XXIV
THE PENSION OFFICE
The Pension building is situated on Judiciary Square, near G Street. It is the largest department building in Washington, being 400 feet from east to west and 200 from north to south, and 75 feet high.
The walls surround an interior courtyard, two galleries extend around this court, and from these galleries access is attained to the rooms on the second and third stories. The building cost half a million dollars; it is of mixed architecture, not beautiful in appearance, but the best lighted, heated, and ventilated department building in the city. It is sometimes called “the Meigs (name of architect) Barn,” because its outline is not unlike a Pennsylvania red barn.
When the architect had finished escorting General Sheridan through the building, just after its completion, the former inquired enthusiastically, “Well, Sheridan, how do you like it?”
“I find only one fault,” said the General, solemnly; “it is fireproof.”

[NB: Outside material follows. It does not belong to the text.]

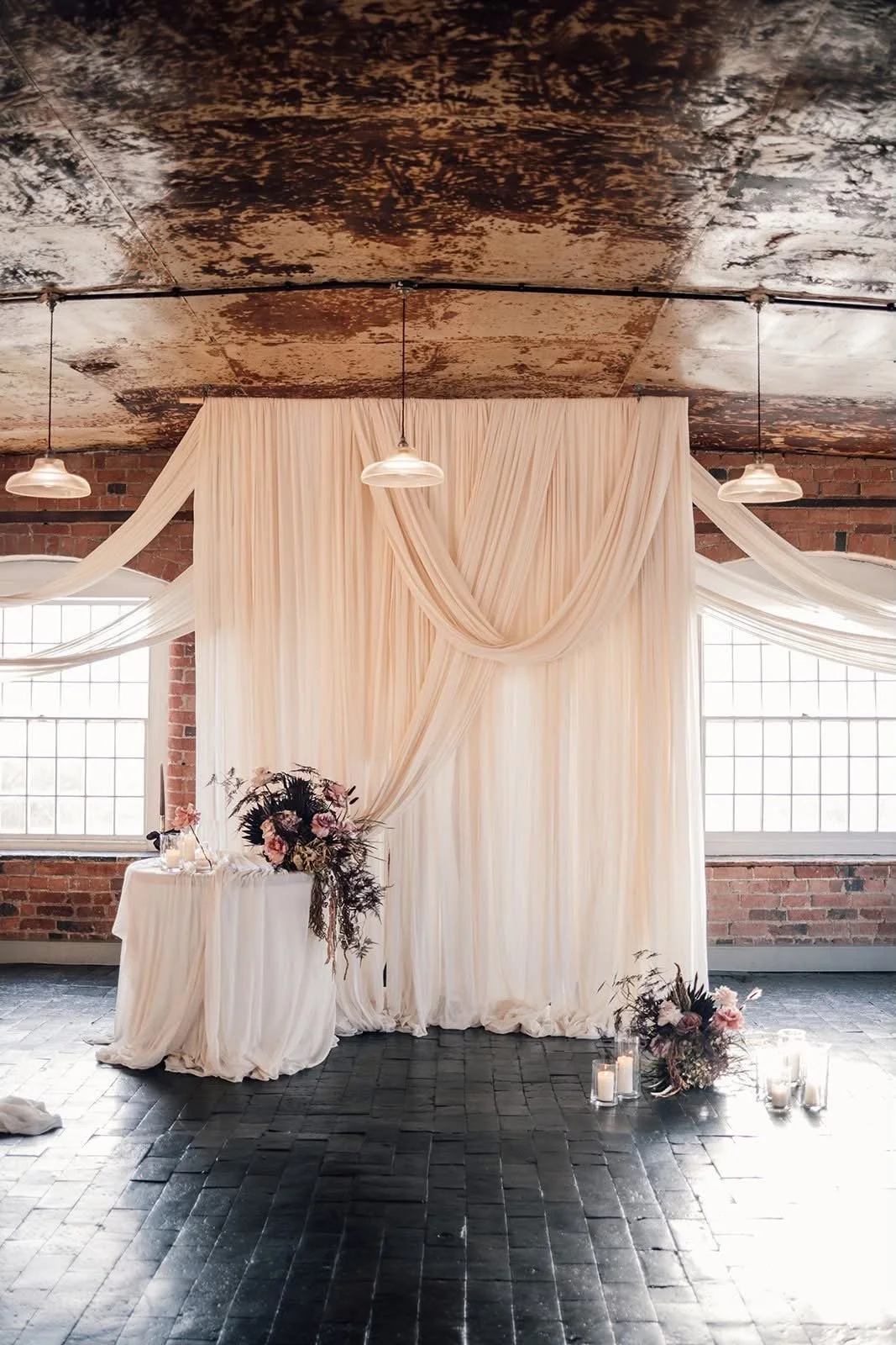 Consider the areas where your guests’ eyes will naturally be drawn. Ceremony backdrops, the top table, or a key focal point in the room create the most impact. By prioritising these areas — through beautiful draping, statement candles, or florals — you can transform the space far more effectively than by spreading your attention thinly across every corner.
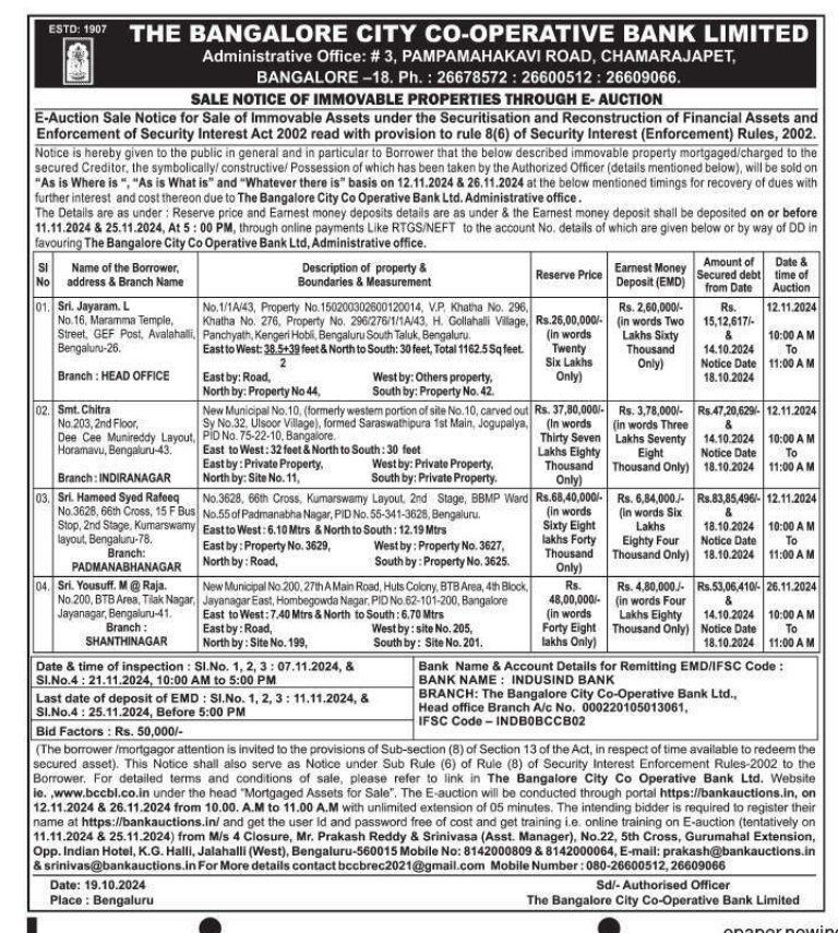 | Contact Details: | Contact The Authorized Officer : 080-26600512/ 26609066 |

At the close of the year 1900 there were on the rolls 993,529 pensioners. During 1901 there were added 44,225 new ones, and 3,567 were restored to the rolls, making in all 1,041,321. This number is 4,000 in excess of that of any other year.

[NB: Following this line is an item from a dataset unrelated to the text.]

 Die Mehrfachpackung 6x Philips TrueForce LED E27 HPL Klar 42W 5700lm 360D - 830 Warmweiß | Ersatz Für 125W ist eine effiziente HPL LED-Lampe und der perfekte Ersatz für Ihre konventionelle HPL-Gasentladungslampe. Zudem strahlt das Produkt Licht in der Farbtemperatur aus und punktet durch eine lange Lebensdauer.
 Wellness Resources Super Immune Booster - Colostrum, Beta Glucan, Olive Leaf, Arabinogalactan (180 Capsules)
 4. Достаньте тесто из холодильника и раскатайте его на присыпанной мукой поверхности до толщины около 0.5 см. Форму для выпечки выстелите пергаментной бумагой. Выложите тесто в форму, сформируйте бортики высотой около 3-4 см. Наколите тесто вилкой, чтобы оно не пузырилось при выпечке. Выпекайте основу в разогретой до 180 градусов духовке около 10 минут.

There remain on the rolls the names of four widows and five daughters of Revolutionary soldiers. In the last report of the Commissioner of Pensions but one soldier of the war of 1812 survived. He was at that time (September 10, 1901) 101 years of age. Of the Mexican War, the names of 1,086 soldiers and 3,479 widows are still on the rolls; of the Indian wars (1832–1842), 7,568 survivors and 8,109 widows. The war with Spain left a legacy of 2,643 invalids, 1,176 widows, and 650 nurses, drawing pensions. Besides these there is the great army of Civil War pensioners.
If the government would, at least twice each year, publish in each county the names of persons receiving pensions, the amount paid, and the alleged cause of disability, it would bring the blush of shame to the face of many a liar who now draws a handsome sum from his government. The money is largely paid into the United States Treasury not by the rich of our country, but by the laboring class of men and women.
Patriotism which requires a life-long stipend is of doubtful color.